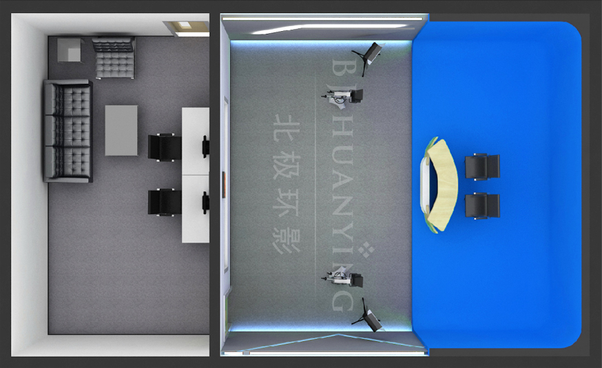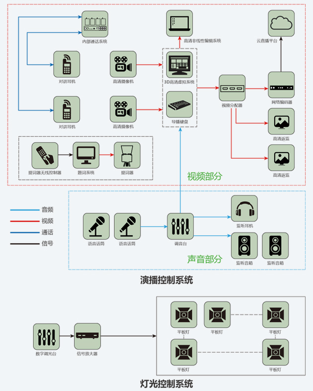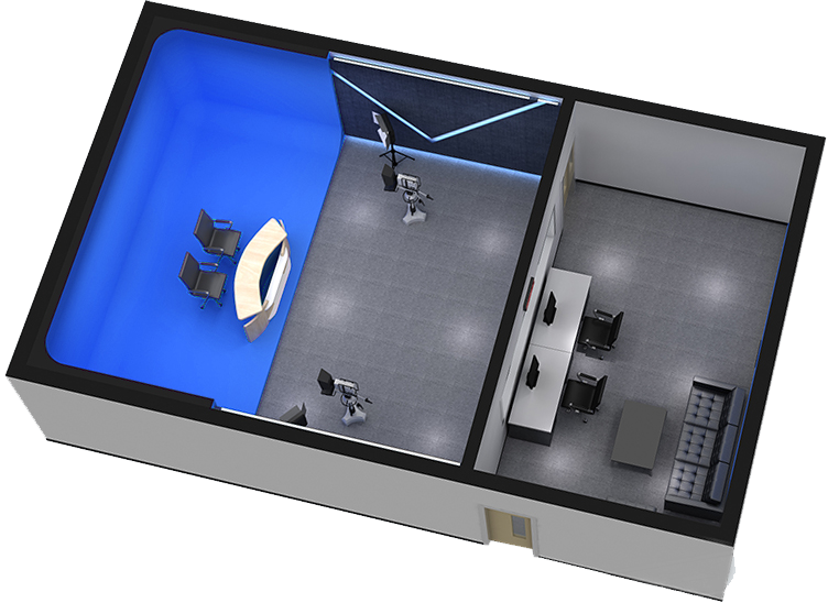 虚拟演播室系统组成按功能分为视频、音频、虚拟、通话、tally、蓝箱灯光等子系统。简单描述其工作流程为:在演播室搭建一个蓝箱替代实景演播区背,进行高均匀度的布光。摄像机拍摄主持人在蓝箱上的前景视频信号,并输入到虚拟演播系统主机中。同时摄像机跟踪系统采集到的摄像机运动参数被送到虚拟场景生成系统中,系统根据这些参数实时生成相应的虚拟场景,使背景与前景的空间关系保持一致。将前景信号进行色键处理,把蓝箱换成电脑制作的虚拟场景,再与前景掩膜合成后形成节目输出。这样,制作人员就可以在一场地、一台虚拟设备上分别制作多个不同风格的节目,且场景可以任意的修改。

--

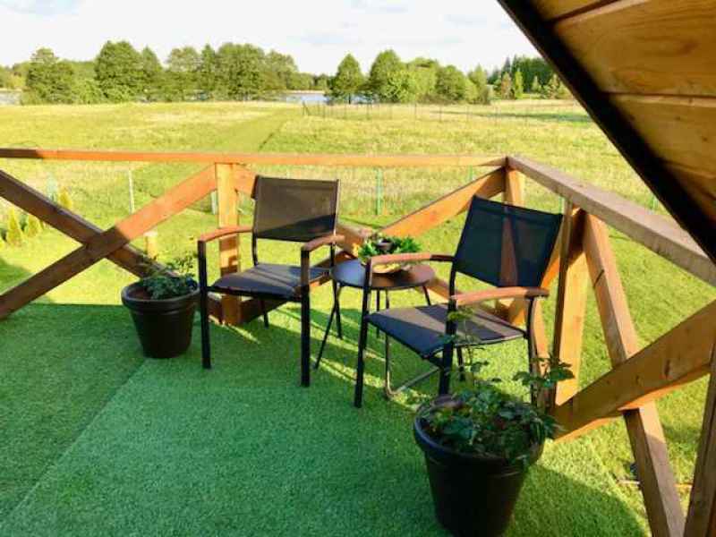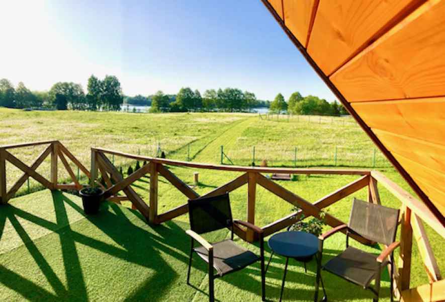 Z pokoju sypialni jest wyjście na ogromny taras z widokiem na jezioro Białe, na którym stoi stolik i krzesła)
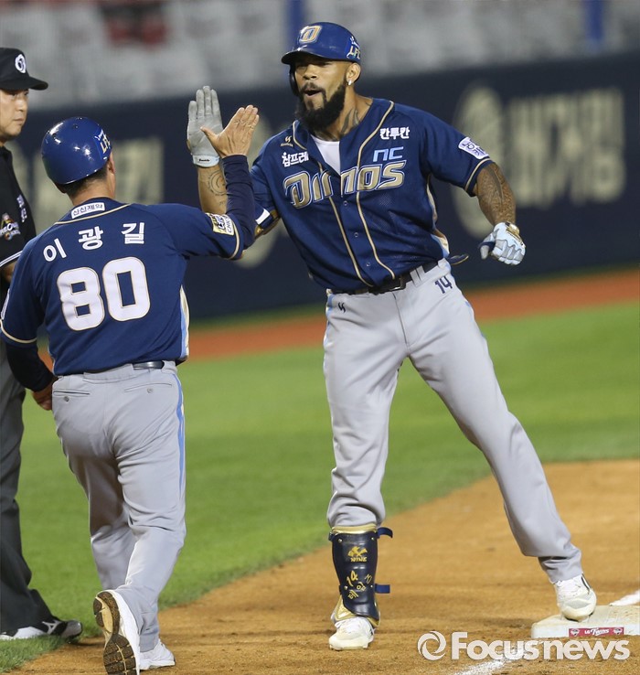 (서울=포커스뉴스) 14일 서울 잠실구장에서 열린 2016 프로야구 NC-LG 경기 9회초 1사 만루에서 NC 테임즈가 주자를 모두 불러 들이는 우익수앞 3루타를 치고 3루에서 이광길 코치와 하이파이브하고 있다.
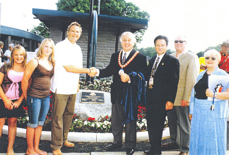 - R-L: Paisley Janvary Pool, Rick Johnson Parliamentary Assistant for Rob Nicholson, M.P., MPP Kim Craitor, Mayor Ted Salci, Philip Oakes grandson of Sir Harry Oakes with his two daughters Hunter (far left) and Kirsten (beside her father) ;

*WHAT IS NEEDED*
Copy the entries above exactly, but only the stretch from the line containing "(서울=포커스뉴스) 14일 서울" through the line containing "- R-L: Paisley". Keep both end lines; drop the pictures.

*RESPONSE BOX*
 (서울=포커스뉴스) 14일 서울 잠실구장에서 열린 2016 프로야구 NC-LG 경기 9회초 1사 만루에서 NC 테임즈가 주자를 모두 불러 들이는 우익수앞 3루타를 치고 3루에서 이광길 코치와 하이파이브하고 있다.
 - R-L: Paisley Janvary Pool, Rick Johnson Parliamentary Assistant for Rob Nicholson, M.P., MPP Kim Craitor, Mayor Ted Salci, Philip Oakes grandson of Sir Harry Oakes with his two daughters Hunter (far left) and Kirsten (beside her father) ;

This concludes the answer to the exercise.